→ **ACTIVITY**: Copy the lines from the start of the records below through the line containing "LOT: 43617506 VIN: 4T1B11HKXJU054641", both included, and leave out the pictures.

→ **RECORDS SUPPLIED**:

# # #

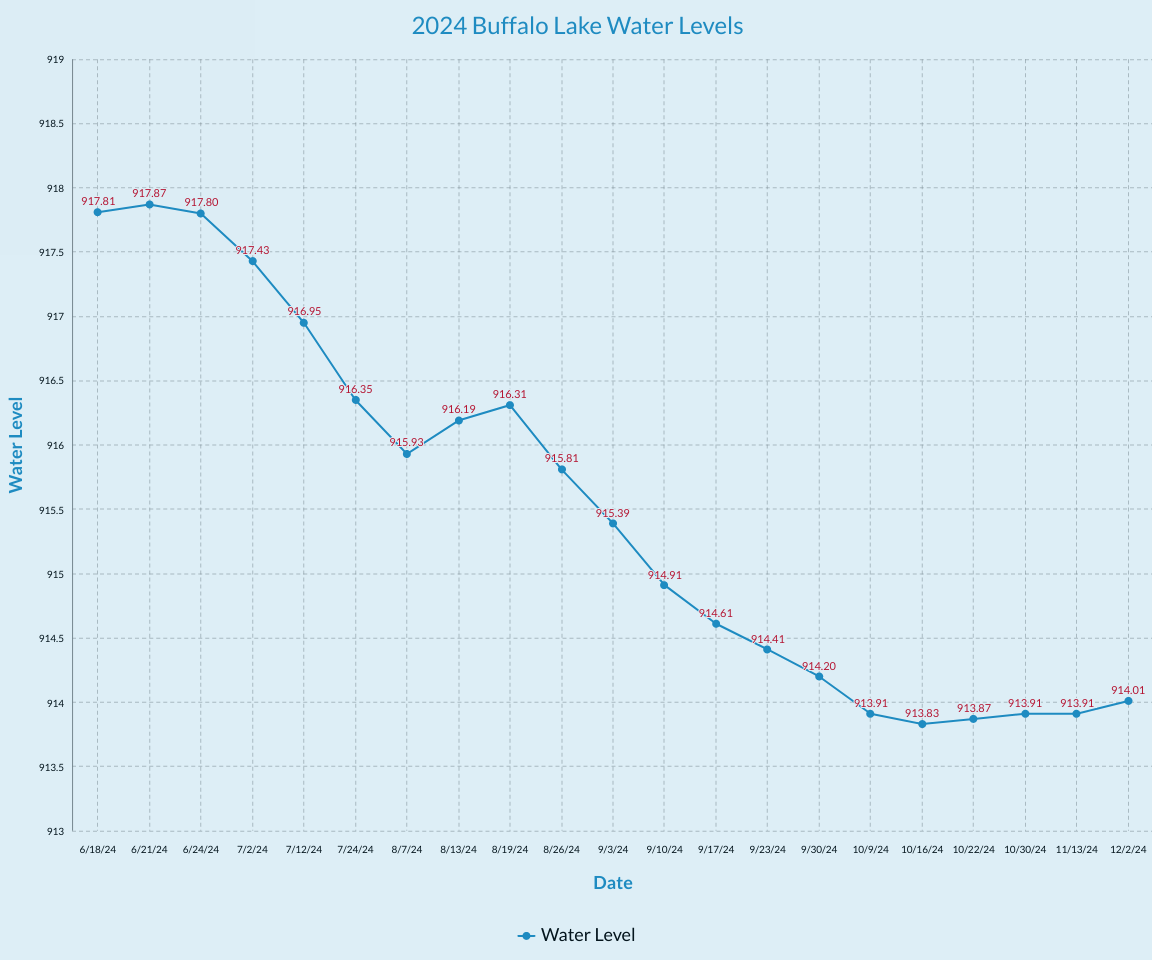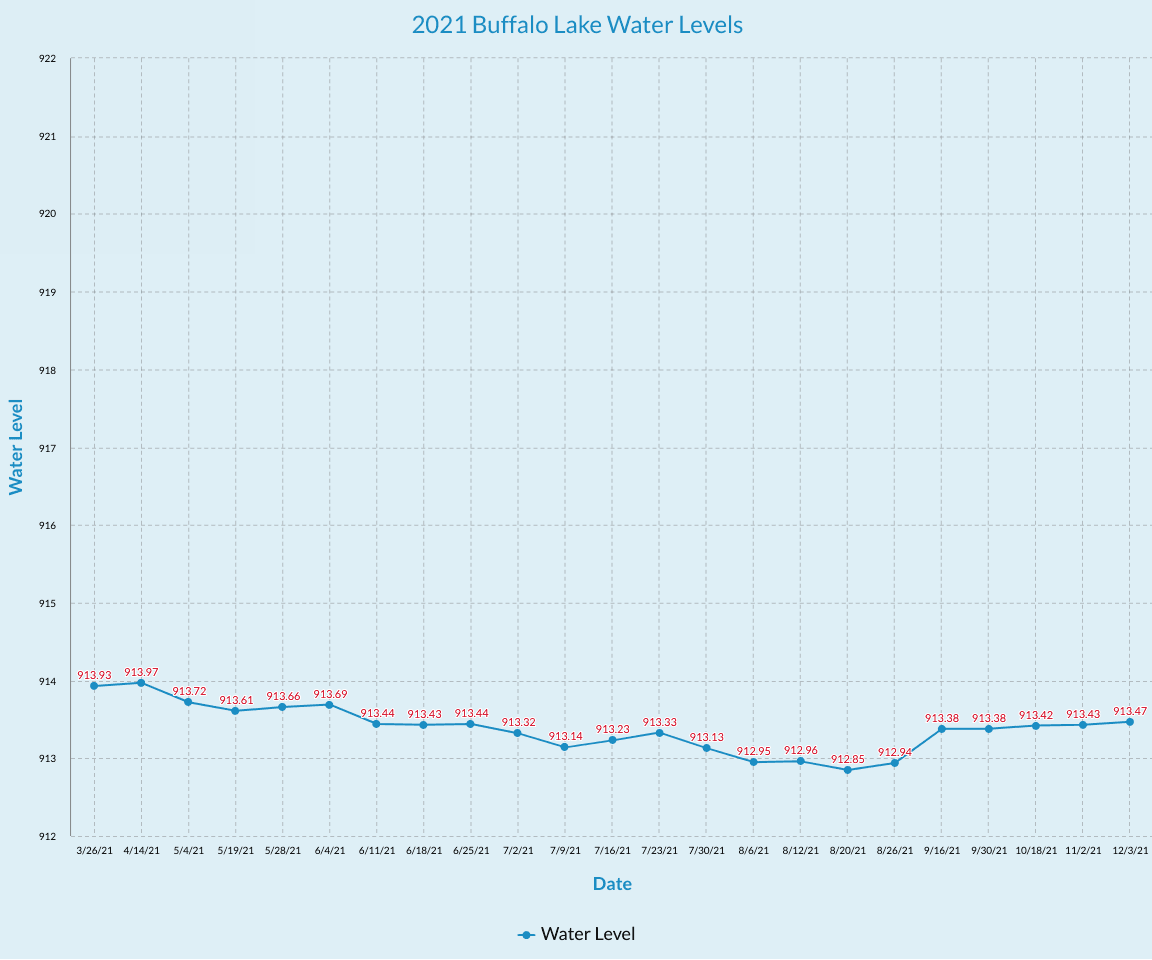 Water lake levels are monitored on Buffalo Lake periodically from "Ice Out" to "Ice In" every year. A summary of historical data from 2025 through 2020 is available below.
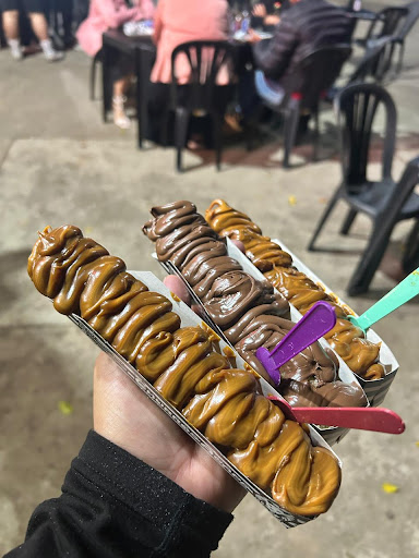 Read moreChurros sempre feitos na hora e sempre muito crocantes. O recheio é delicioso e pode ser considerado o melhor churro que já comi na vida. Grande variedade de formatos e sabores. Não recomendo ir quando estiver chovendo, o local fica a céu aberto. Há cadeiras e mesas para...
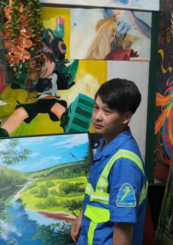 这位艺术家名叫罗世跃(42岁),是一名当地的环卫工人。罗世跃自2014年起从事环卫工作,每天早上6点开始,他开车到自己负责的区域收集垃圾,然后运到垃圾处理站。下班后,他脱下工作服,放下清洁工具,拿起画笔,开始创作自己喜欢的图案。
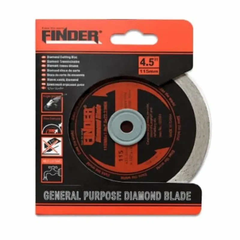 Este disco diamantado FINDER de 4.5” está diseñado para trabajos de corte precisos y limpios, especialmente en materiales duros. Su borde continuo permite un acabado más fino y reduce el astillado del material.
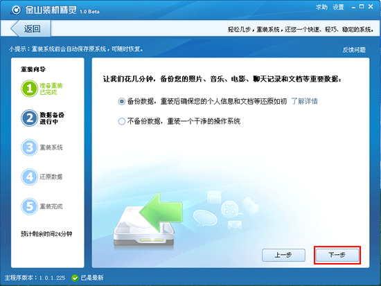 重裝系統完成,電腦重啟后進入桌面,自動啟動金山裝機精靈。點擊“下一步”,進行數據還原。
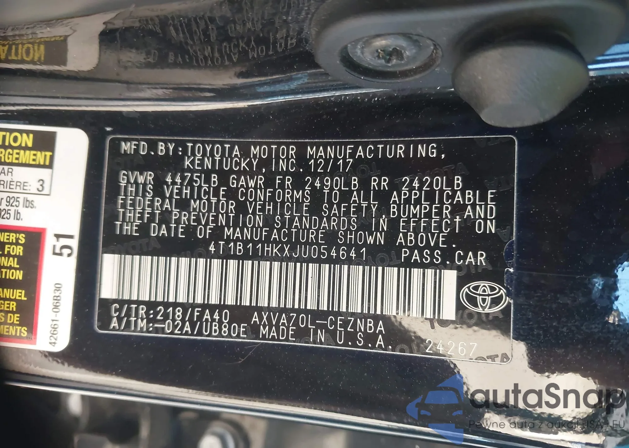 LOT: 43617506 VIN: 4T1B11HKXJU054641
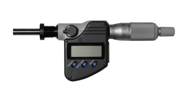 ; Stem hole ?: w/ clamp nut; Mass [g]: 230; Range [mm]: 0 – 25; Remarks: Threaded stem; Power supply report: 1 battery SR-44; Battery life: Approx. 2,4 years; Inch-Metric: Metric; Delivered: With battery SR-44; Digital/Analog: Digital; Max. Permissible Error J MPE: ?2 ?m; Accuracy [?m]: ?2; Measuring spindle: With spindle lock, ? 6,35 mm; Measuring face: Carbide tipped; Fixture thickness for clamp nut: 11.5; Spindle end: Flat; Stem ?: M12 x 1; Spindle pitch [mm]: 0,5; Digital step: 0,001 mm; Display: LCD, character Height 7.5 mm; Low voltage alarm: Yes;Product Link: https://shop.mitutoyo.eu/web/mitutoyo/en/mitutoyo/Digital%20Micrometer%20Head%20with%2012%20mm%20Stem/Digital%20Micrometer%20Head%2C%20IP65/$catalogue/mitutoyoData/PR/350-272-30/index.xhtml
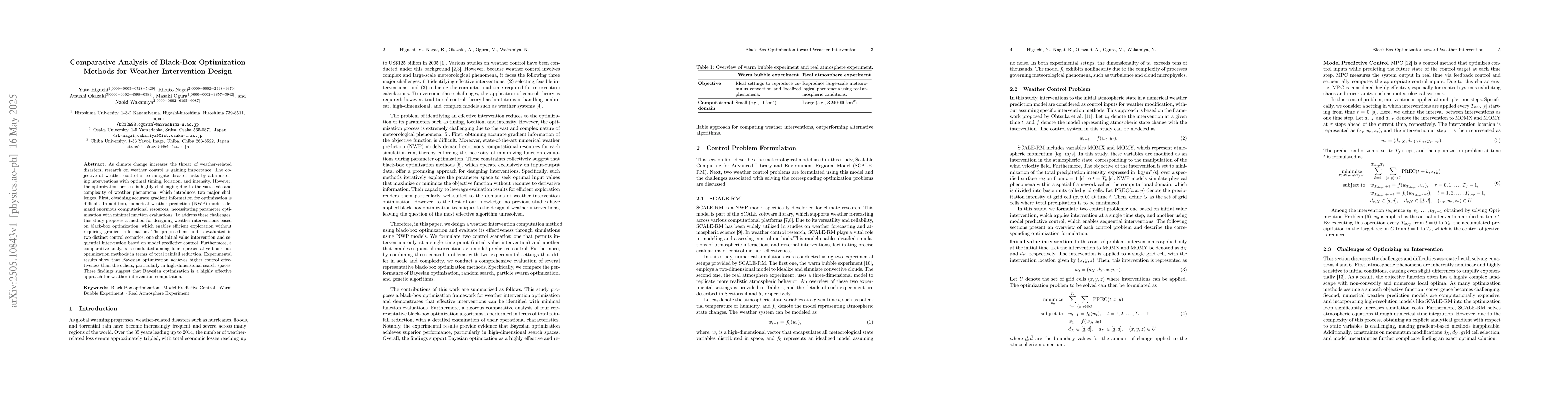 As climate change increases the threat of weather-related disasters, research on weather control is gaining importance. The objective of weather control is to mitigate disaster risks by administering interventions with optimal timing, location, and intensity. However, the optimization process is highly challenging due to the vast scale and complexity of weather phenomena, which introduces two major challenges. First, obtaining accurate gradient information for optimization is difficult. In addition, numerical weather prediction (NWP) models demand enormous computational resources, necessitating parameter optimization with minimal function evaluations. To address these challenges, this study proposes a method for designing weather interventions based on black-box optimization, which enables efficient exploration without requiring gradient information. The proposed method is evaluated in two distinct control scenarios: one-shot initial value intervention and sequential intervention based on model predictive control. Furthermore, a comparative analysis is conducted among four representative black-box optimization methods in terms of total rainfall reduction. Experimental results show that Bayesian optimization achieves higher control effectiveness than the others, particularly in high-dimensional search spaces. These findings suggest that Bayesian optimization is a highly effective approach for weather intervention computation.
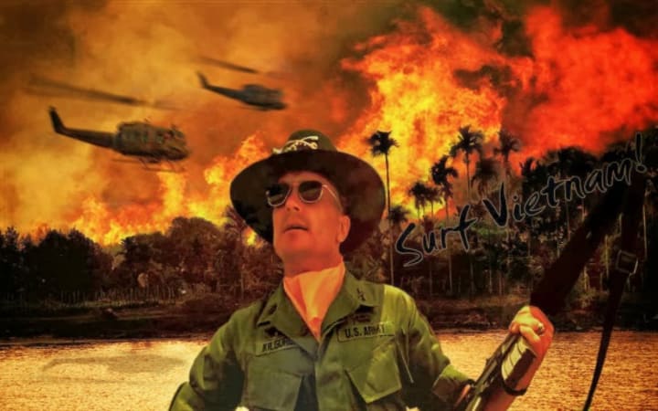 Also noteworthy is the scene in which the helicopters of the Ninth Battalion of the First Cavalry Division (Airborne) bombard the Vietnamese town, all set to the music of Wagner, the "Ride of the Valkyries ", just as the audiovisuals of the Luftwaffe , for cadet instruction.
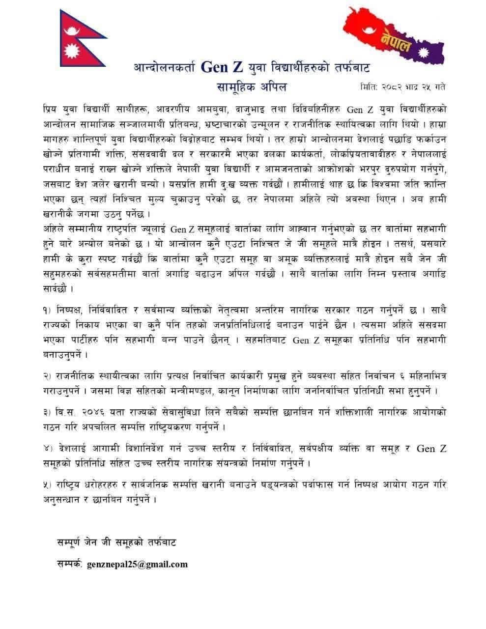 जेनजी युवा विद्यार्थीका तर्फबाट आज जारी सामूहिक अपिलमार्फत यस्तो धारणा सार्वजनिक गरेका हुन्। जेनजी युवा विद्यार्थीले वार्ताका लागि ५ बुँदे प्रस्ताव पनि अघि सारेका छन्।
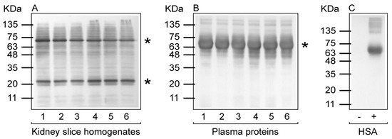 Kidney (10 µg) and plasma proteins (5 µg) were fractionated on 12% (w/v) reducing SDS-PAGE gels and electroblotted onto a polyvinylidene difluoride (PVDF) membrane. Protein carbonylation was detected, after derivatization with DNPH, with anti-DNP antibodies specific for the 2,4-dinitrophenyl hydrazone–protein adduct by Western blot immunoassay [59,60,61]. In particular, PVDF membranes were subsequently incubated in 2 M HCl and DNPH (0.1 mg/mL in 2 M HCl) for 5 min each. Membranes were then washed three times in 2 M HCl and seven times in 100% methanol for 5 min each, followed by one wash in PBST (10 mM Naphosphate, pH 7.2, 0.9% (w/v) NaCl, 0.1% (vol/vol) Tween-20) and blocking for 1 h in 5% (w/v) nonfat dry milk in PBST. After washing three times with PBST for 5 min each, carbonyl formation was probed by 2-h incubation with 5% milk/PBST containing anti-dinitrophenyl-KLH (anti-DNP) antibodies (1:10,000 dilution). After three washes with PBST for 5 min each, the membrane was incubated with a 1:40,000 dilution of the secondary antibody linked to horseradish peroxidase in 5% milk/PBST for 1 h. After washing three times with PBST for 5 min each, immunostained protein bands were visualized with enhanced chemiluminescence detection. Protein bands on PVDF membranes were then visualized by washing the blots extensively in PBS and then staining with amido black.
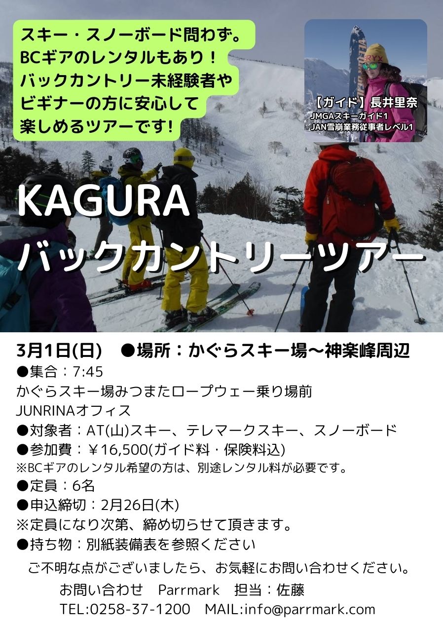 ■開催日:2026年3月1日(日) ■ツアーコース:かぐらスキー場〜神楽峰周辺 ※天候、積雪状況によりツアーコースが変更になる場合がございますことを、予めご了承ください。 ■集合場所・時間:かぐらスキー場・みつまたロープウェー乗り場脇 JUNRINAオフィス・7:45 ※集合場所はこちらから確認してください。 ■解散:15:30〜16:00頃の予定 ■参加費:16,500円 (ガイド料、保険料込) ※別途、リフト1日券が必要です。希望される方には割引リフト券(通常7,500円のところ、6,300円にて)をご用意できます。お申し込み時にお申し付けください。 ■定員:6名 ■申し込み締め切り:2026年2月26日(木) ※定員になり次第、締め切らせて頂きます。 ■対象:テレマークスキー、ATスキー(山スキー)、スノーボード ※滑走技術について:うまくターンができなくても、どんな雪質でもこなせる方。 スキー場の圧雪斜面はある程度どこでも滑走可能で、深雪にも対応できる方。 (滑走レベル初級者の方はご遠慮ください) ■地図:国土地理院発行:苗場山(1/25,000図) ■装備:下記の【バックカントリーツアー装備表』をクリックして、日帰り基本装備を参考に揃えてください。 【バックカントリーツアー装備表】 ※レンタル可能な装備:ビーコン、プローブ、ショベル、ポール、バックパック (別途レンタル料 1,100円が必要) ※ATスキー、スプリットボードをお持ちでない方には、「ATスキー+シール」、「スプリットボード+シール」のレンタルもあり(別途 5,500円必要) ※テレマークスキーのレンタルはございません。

# # #

→ **FINAL ANSWER**:
 Water lake levels are monitored on Buffalo Lake periodically from "Ice Out" to "Ice In" every year. A summary of historical data from 2025 through 2020 is available below.
 Read moreChurros sempre feitos na hora e sempre muito crocantes. O recheio é delicioso e pode ser considerado o melhor churro que já comi na vida. Grande variedade de formatos e sabores. Não recomendo ir quando estiver chovendo, o local fica a céu aberto. Há cadeiras e mesas para...
 这位艺术家名叫罗世跃(42岁),是一名当地的环卫工人。罗世跃自2014年起从事环卫工作,每天早上6点开始,他开车到自己负责的区域收集垃圾,然后运到垃圾处理站。下班后,他脱下工作服,放下清洁工具,拿起画笔,开始创作自己喜欢的图案。
 Este disco diamantado FINDER de 4.5” está diseñado para trabajos de corte precisos y limpios, especialmente en materiales duros. Su borde continuo permite un acabado más fino y reduce el astillado del material.
 重裝系統完成,電腦重啟后進入桌面,自動啟動金山裝機精靈。點擊“下一步”,進行數據還原。
 LOT: 43617506 VIN: 4T1B11HKXJU054641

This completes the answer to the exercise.